HPING example.com (en1 192.168.1.14): S set, 40 headers + 0 data bytes

len=44 ip=192.168.1.14 ttl=51 DF id=0 tos=0 iplen=44

sport=22 flags=SA seq=0 win=14600 rtt=94.4 ms

seq=2025389860 ack=1382964684 sum=d336 urp=0

len=44 ip=192.168.1.14 ttl=51 DF id=0 tos=0 iplen=44

sport=22 flags=SA seq=1 win=14600 rtt=114.5 ms

seq=2231940279 ack=1895298182 sum=abbf urp=0

len=44 ip=192.168.1.14 ttl=51 DF id=0 tos=0 iplen=44

sport=22 flags=SA seq=2 win=14600 rtt=97.0 ms

seq=1994283418 ack=1525068590 sum=5b80 urp=0

len=44 ip=192.168.1.14 ttl=51 DF id=0 tos=0 iplen=44

sport=22 flags=SA seq=3 win=14600 rtt=95.3 ms

seq=96473888 ack=1204458524 sum=216a urp=0

--- example.com hping statistic ---

4 packets transmitted, 4 packets received, 0% packet loss

round-trip min/avg/max = 94.4/100.3/114.5 ms

tcpreplay

tcpreplay is a suite of tools used by many firewall vendors to test their own firewall hardware. tcpreplay operates by replaying a previously recorded packet capture (.pcap format) against a particular target.
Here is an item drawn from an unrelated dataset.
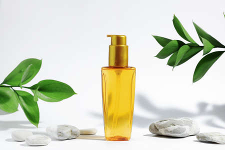 Clear bottle of yellow orange oil for sun protection, tanning or hair. White background with hard shadows, plants and stones. Summer care cosmetics.

The particular capture can be edited with tcprewrite and replayed to assist in testing particular hardware or TCP/IP stack for a given network traffic scenario. tcpreplay is not only used to simply replay edited captures for testing, but it is also used to test particular rates of the captured traffic as well against the device.
To replay a particular packet capture via the specified, use the following command:

$ sudo tcpreplay --intf1=eth0 file.cap

The rate of playback can be specified in mbps, for example:

$ sudo tcpreplay --mbps=100.0 --intf1=eth0 file.cap

The counterpart of tcpreplay is tcprewrite. tcprewrite is used to modify the existing capture file which can then be replayed via tcpreplay.
The syntax used for editing a packet capture file is:

$ tcprewrite [options] --infile=input.cap --outfile=output.cap

Various options include rewriting tcp/udp ports, rewriting source/destination addresses, altering MTU, altering source/destination MAC addresses, as well as modifying ethernet checksums. More information can be found on the project page wiki (http://tcpreplay.synfin.net/wiki/tcprewrite).

Legacy tools

Other tools related that may be of interest are isic, which can test the stability of a TCP/IP stack: http://isic.sourceforge.net/. Tomahawk is useful to test the network throughput of network hardware: http://tomahawk.sourceforge.net/. Fragroute is useful to rewrite traffic aimed for a target host for TCP/IP scrubbing or other advanced testing http://www.monkey.org/~dugsong/fragroute/. Another older utility is ftester (http://dev.inversepath.com/ftester/README) which incorporates a packet generator along with a packet sniffer. Even though these tools are some years old, they are still valid today as the basic concepts of TCP/IP remain unchanged.

Conclusions

Firewalls, along with IDS setups, are very common in networks of all sizes. Using an IDS is optional but provides a level of comfort for many administrators in that the IDS will typically monitor traffic for malicious attempts as well as offer benefits such as DoS or rate-limiting prevention.
Many network administrators and security administrators often setup hardware from vendors with no additional auditing or testing. On new deployments or with any changes to firewall rules, a full audit of the firewall or IDS should be performed to verify security using tools as in this guide as well as commercial tools.
The firewall is the first point of contact to a network and should be considered a device that will be poked and tested 24×7 by potential hackers. Ensuring that proper configurations and rules are in place is critical for the entire network’s security.